##### Supplied data #####

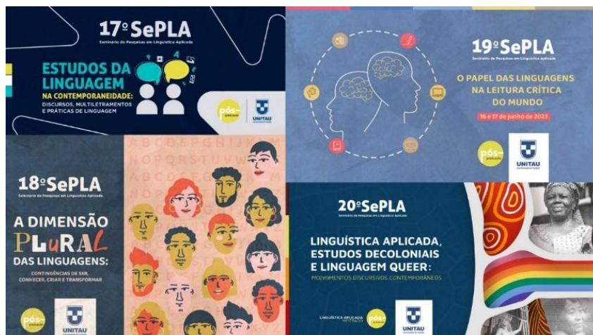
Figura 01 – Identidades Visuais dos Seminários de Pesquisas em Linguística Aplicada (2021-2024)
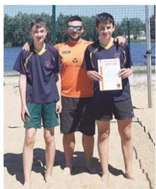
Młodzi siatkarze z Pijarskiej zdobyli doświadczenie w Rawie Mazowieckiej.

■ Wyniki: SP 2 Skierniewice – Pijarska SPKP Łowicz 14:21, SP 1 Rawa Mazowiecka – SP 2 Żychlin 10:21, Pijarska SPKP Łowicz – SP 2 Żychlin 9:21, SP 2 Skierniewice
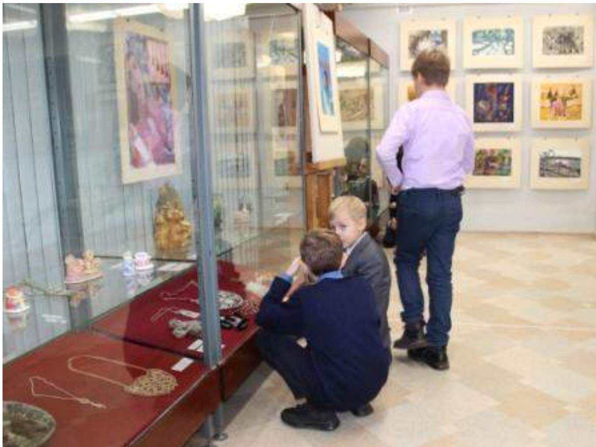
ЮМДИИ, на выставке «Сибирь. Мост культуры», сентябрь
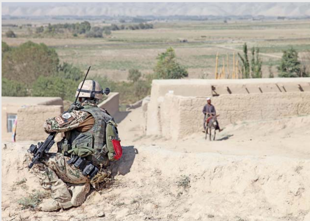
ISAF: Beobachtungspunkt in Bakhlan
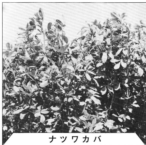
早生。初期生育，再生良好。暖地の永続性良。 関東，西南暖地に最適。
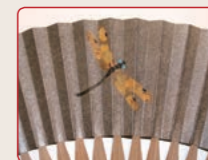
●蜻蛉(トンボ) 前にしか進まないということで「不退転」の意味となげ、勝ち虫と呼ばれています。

#####
##### Supplied data #####

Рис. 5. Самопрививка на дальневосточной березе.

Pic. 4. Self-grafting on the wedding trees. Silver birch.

#####

The answer should consist only of the lines above from the one with "Figura 01 –" through the one with "ISAF: Beobachtungspunkt in Bakhlan", repeated exactly, with no pictures among them.

Figura 01 – Identidades Visuais dos Seminários de Pesquisas em Linguística Aplicada (2021-2024)
Młodzi siatkarze z Pijarskiej zdobyli doświadczenie w Rawie Mazowieckiej.

■ Wyniki: SP 2 Skierniewice – Pijarska SPKP Łowicz 14:21, SP 1 Rawa Mazowiecka – SP 2 Żychlin 10:21, Pijarska SPKP Łowicz – SP 2 Żychlin 9:21, SP 2 Skierniewice
ЮМДИИ, на выставке «Сибирь. Мост культуры», сентябрь
ISAF: Beobachtungspunkt in Bakhlan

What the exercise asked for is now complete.